The parameters are configured via the kube-system/audit-policy Secret. You need to put in it a base64-encoded yaml file:

apiVersion: v1
kind: Secret
metadata:
  name: audit-policy
  namespace: kube-system
data:
  audit-policy.yaml: <base64>

An example

The minimum viable example of the audit-policy.yaml file looks as follows:

apiVersion: audit.k8s.io/v1
kind: Policy
rules:
- level: Metadata
  omitStages:
  - RequestReceived

You can find the detailed information about configuring the audit-policy.yaml file at the following links:

• The official Kubernetes documentation;
• Our Habr article;
• The code of the generator script used in GCE.

Useful commands

Create a Secret from the file:

kubectl -n kube-system create secret generic audit-policy --from-file=./audit-policy.yaml

Delete a Secret from the cluster:

kubectl -n kube-system delete secret audit-policy

How do I speed up the restart of Pods if the connection to the node has been lost?

By default, a node is marked as unavailable if it does not report its state for 40 seconds.

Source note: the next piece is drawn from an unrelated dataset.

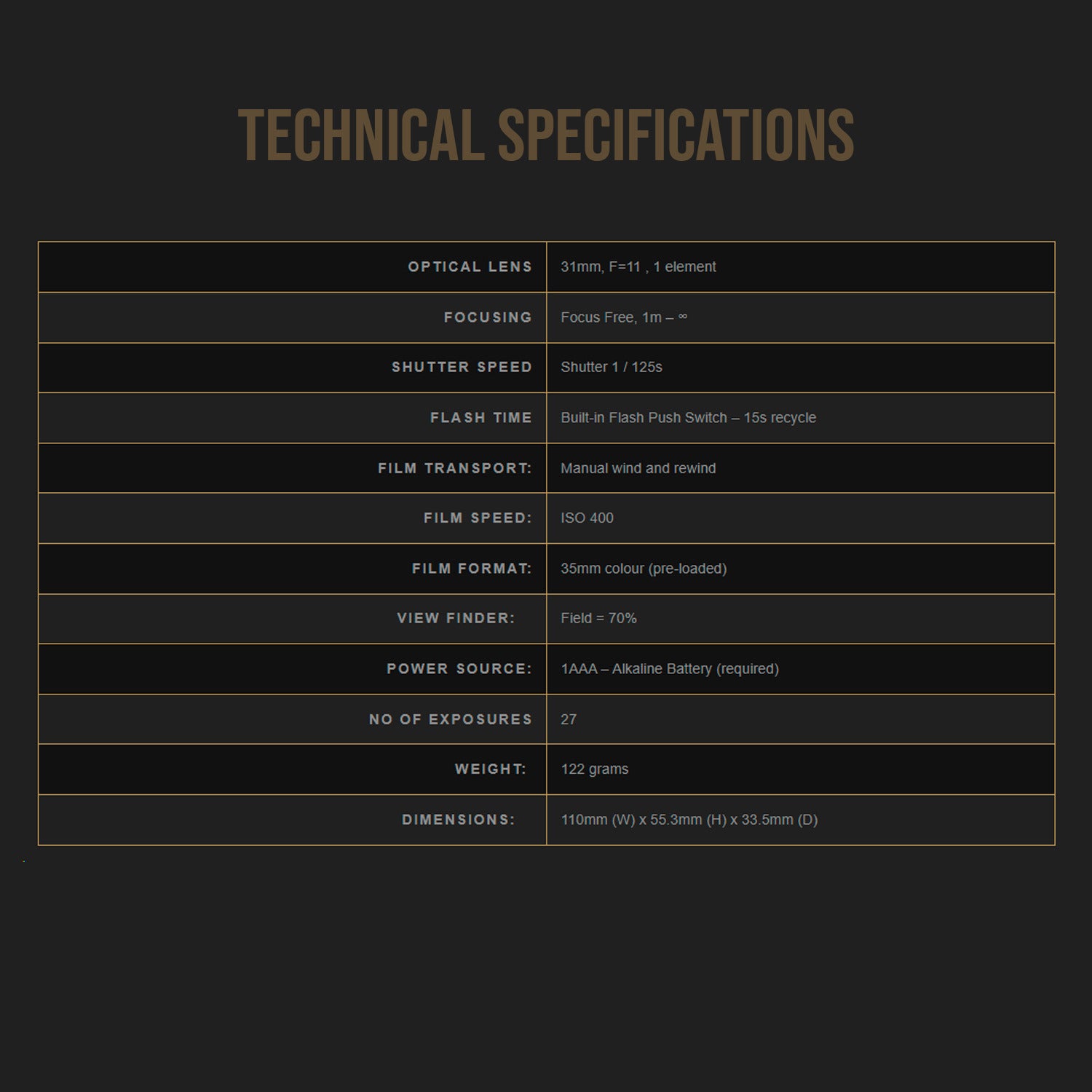 Ilford Ilfocolor Rapid Retro Single Use Camera with 31mm Optical Lens and 27 Exposures (White)

After another 5 minutes, its Pods will be rescheduled to other nodes. Thus, the overall application unavailability lasts approximately 6 minutes.

In specific cases, if an application cannot run in multiple instances, there is a way to lower its unavailability time:

1. Reduce the period required for the node to become Unreachable if the connection to it is lost by setting the nodeMonitorGracePeriodSeconds parameter.
2. Set a lower timeout for evicting Pods on a failed node using the failedNodePodEvictionTimeoutSeconds parameter.

An example:

  controlPlaneManager: |
    nodeMonitorGracePeriodSeconds: 10
    failedNodePodEvictionTimeoutSeconds: 50

In this case, if the connection to the node is lost, the applications will be restarted in about 1 minute.

Cautionary note

Both these parameters directly impact the CPU and memory resources consumed by the control plane. By lowering timeouts, we force system components to send statuses more frequently and check the resource state more often.

When deciding on the appropriate threshold values, consider resources consumed by the control nodes (graphs can help you with this). Note that the lower parameters are, the more resources you may need to allocate to these nodes.